In addition to the inefficiency problem, the existing deep embedding models draw little attention to the importance of each embedding dimension. They simply accumulate the squared difference of each dimension (Euclidean distance) to measure the distance between embeddings [4, 5, 6, 24, 25, 29, 39]. In other words, each dimension of an embedding contributes equally to the total distance. Imagine that a matched embedding and a non-matched embedding have the same distance to the embedding of the query image (Fig. 1(a)), Euclidean distance method is not able to distinguish the matched one from the two. If a model learns to measure the importance of each dimension, then reweights the embeddings so that the important dimension is emphasized while the unimportant one is depressed (Fig. 1(b)), such problem can be alleviated. Unfortunately, few works have considered the importance of different embedding dimensions.

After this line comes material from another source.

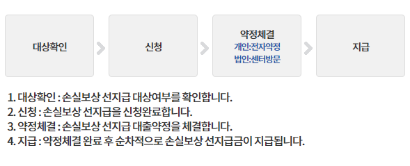- 지급: 약정체결완료후 순차적으로 손실보상 선지급금이 지급됩니다.

To overcome the above two shortcomings, this paper proposes a new CNN model for person re-identification. Specifically, we employ identification loss with center loss to train CNN, which does not require image pairs or triplets as input. Center loss  aims to pull images to the corresponding class center so that the intra-class variance is reduced. It functions similarly as verification loss but the learning process is more efficient. Meanwhile, a new feature reweighting (FRW) layer to adaptively learn the importance of each dimension has been designed. The FRW layer is placed after the embedding layer, performing element-wise multiplication upon its input. By doing so, the model gains the freedom to explicitly adjust the scales of the learned embeddings so that some less important features could be squeezed to avoid overfitting. Fig. 1b shows the structure of our proposed CNN. The contributions of this paper can be summarized as follows:
We employ identification loss with center loss to train a deep CNN model without constructing image pairs or triplets as input, thus improving the training efficiency.
We design a new FRW layer to explicitly emphasize the importance of each embedding dimension, leading to an improved embedding to boost the performance.
2 Related Work
To learn effective embeddings, existing works can be classified into two categories: 1) Improving the deep CNN structure to learn discriminative embeddings; 2) Designing better loss functions for deep CNN training.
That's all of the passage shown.